Il fatto è che le aspettative non sono particolarmente ottimiste, come sappiamo, pertanto è possibile che si
verifichi un rimbalzo del sentiment, con l’acquisto di azioni e high yield. Gli strumenti privi di rischio sono
diventati molto costosi rispetto alle attività rischiose, probabilmente più di quanto giustificato dal ciclo dei
tassi nel breve termine.
L’accumulo delle riserve rallenta, la frenata degli scambi mondiali è un sintomo del ribilanciamento?

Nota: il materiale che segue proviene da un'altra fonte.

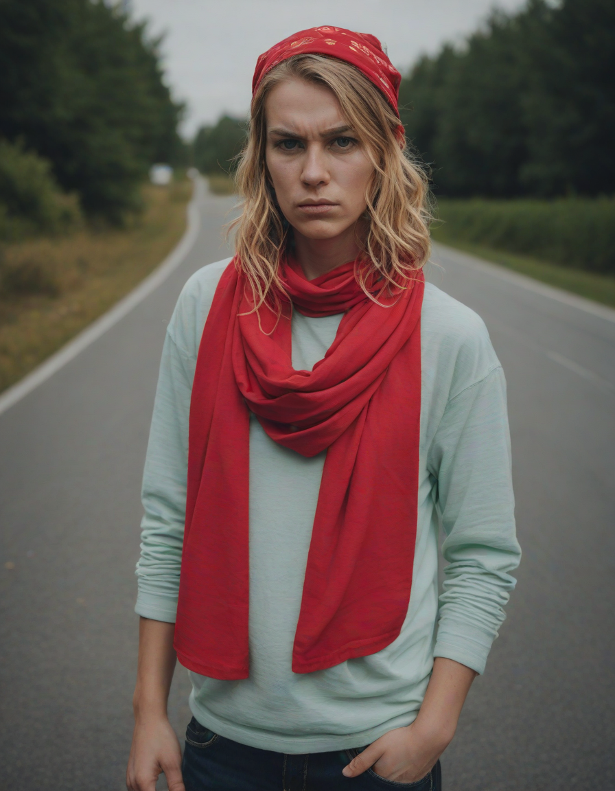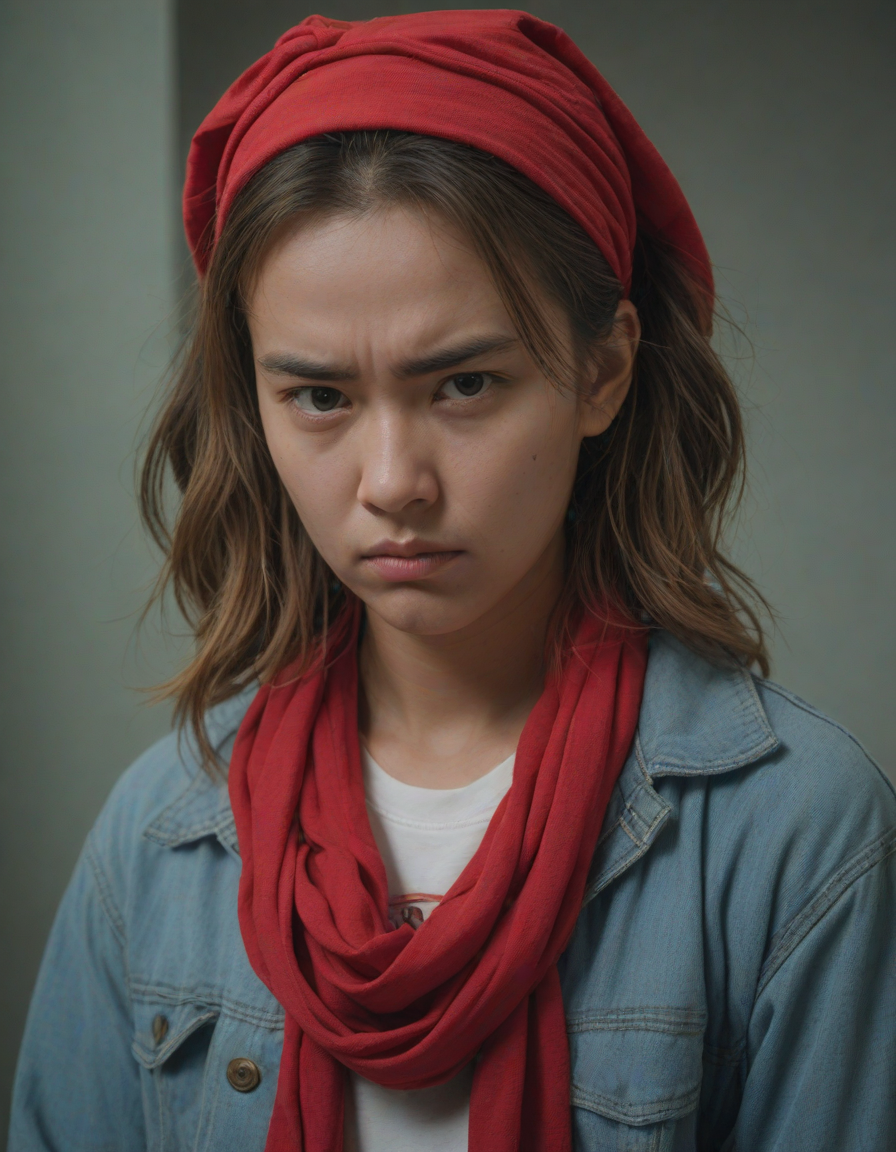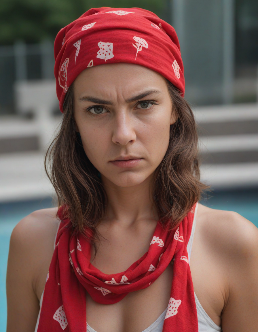 wearing a red bandana

Infine qualche parola sulle valute.
Non credo che ci troviamo neppure lontanamente vicino all'attivismo valutario del passato. La Fed ha fatto
qualche accenno alla forza del dollaro nel verbale dell'FOMC, ma tra il dire e il fare c’è molta differenza.

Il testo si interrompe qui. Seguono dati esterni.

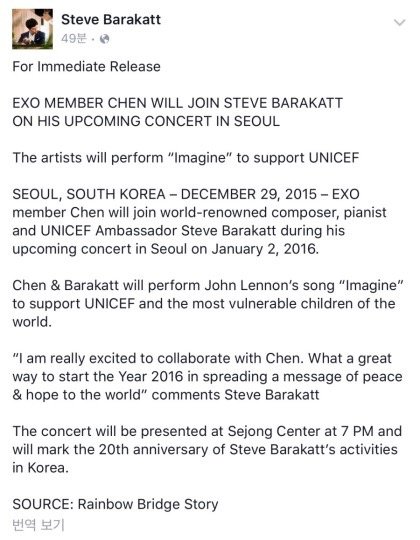 존 레넌의 이매진이란 노래를 엑소의 첸과 함께 한다고 올라왔네요 ㅎㅎ

Lo stesso vale per la BCE che ha accennato alla forza dell’Euro all’inizio di quest’anno. In passato quando le
autorità politiche volevano indebolire la valuta intervenivano con discrezione, ovvero adottavano politiche
iperprotezionistiche a scapito degli altri Paesi.
Questi meccanismi comprendevano l’acquisto di valuta estera e la vendita di valuta locale in modo da fare
incrementare nel tempo le riserve in valuta estera. In altri termini, il rapido aumento delle posizioni in valuta
estera in genere era il sintomo di politiche commerciali mercantilistiche e valute sottovalutate nel Paese in
questione.
È interessante notare che il ritmo con cui si accumulano le riserve estere ha rallentato negli ultimi anni,
implicando una riduzione degli squilibri globali e della volontà e necessità di intervenire sui mercati dei
cambi.
Il deficit delle partite correnti negli Stati Uniti si è ridotto, come surplus in Giappone e Cina. Inoltre, le
politiche reflazionistiche si sono concentrate sul Quantitative Easing e sulla creazione di credito locale,
anziché cercare di stimolare la crescita delle esportazioni e l’inflazione importata.

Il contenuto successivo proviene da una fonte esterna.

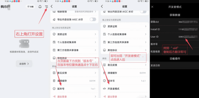 按要求填入你的某音ID、剪映ID、剪小映UID。

Ciò non significa che non assisteremo a una volatilità nel mercato valutario, né che la manipolazione del
mercato non verrà presa in considerazione da qualche politico, tuttavia oggi non ne abbiamo prove evidenti.
Il Dollaro quest’anno si è rafforzato rispetto alla maggior parte delle principali valute, ma la Fed difficilmente
se ne preoccuperà. Quel che potrebbe essere più preoccupante è che il deleveraging globale non porti a
una crescita delle riserve estere e una diminuzione degli scambi commerciali.
Non riesco a concepire un mondo dove la riduzione della leva globale porti a una riduzione dei deficit o dei
surplus commerciali né a diminuire la necessità di accumulare riserve monetarie. Alcuni Paesi devono
crescere più rapidamente degli altri per offrire opportunità ad altri produttori e investitori. Importanti squilibri
economici non sono certo un bene, ma una crescita anemica degli scambi commerciali è ancora meno
desiderabile. Con un deficit delle partite correnti pari al 4,0% del PIL, il Regno Unito sta facendo del suo
meglio. Ora manca solo che la Germania riduca il suo avanzo commerciale.
I ragazzi stanno bene
Non posso concludere il mio intervento senza menzionare il Manchester United che è tornato tra i primi
quattro in classifica nella Premier League, davanti all'Arsenal e al Liverpool (il fuoco di paglia dello scorso
anno). I Galacticos si stanno acclimatando e Di Maria ha fatto un altro goal domenica scorsa. Sarà difficile
recuperare il Chelsea o il City, ma avremo tra poco gli scontri diretti. Spero solo che Alan Hansen concordi
sul fatto che “non puoi difenderti contro calciatori del calibro di Aguero o Da Costa con dei ragazzini”!